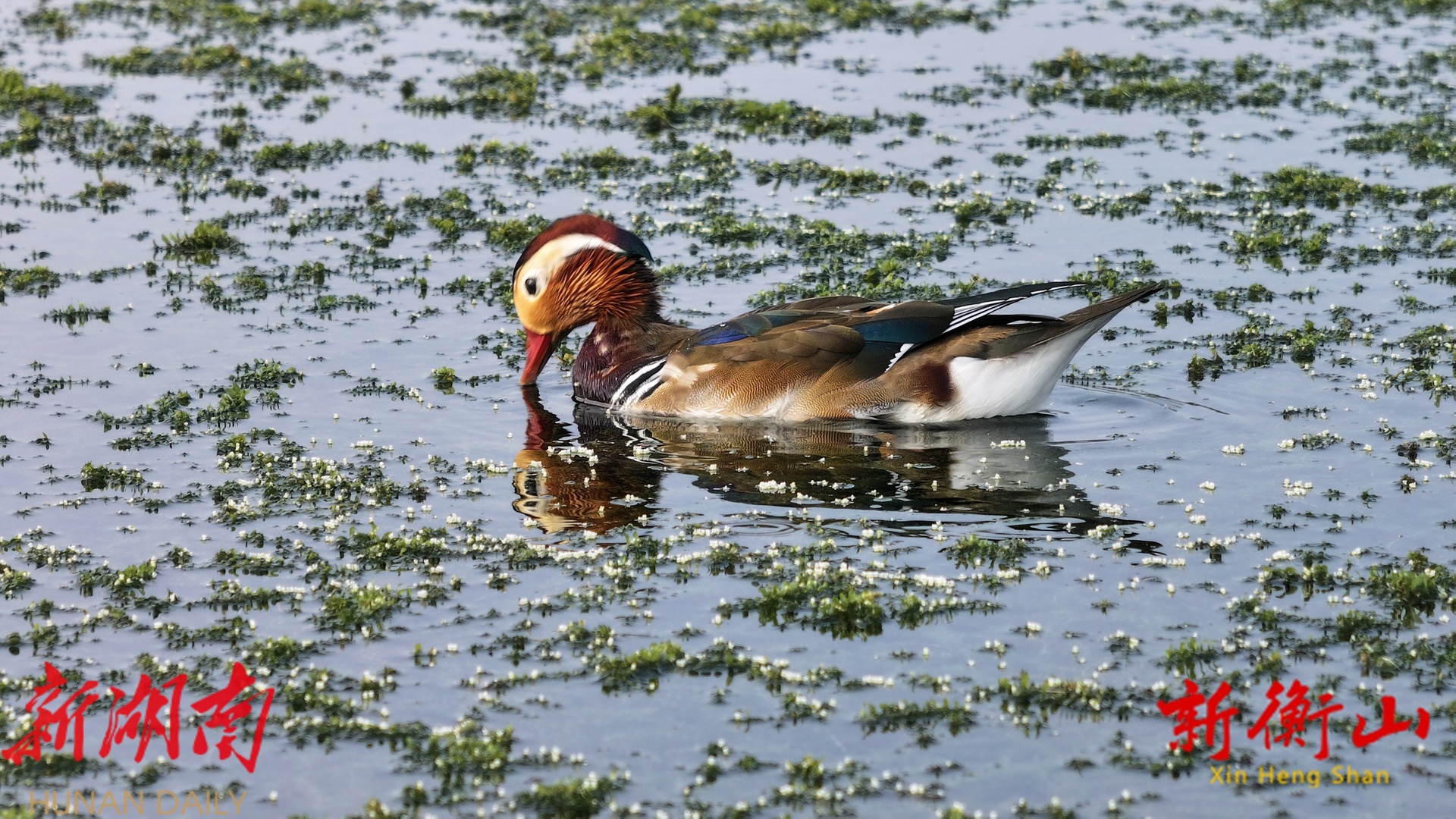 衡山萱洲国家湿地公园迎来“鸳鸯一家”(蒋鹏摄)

--------------------------------------------------

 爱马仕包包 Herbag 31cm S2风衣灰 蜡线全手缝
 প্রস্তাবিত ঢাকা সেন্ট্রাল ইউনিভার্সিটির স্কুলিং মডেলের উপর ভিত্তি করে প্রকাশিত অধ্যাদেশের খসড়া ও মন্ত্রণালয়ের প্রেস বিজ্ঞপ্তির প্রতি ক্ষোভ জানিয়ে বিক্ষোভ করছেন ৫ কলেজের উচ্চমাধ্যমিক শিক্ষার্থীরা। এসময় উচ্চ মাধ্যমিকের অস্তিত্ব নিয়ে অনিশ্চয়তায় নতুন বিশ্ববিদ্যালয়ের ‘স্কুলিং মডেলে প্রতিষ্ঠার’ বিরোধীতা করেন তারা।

--------------------------------------------------

[WHAT IS EXPECTED] Your answer should be the lines above from the one containing "爱马仕包包 Herbag 31cm S2风衣灰 蜡线全手缝" through the one containing "প্রস্তাবিত ঢাকা সেন্ট্রাল", copied exactly and with both ends kept.

[ANSWER FOR THIS EXERCISE]
 爱马仕包包 Herbag 31cm S2风衣灰 蜡线全手缝
 প্রস্তাবিত ঢাকা সেন্ট্রাল ইউনিভার্সিটির স্কুলিং মডেলের উপর ভিত্তি করে প্রকাশিত অধ্যাদেশের খসড়া ও মন্ত্রণালয়ের প্রেস বিজ্ঞপ্তির প্রতি ক্ষোভ জানিয়ে বিক্ষোভ করছেন ৫ কলেজের উচ্চমাধ্যমিক শিক্ষার্থীরা। এসময় উচ্চ মাধ্যমিকের অস্তিত্ব নিয়ে অনিশ্চয়তায় নতুন বিশ্ববিদ্যালয়ের ‘স্কুলিং মডেলে প্রতিষ্ঠার’ বিরোধীতা করেন তারা।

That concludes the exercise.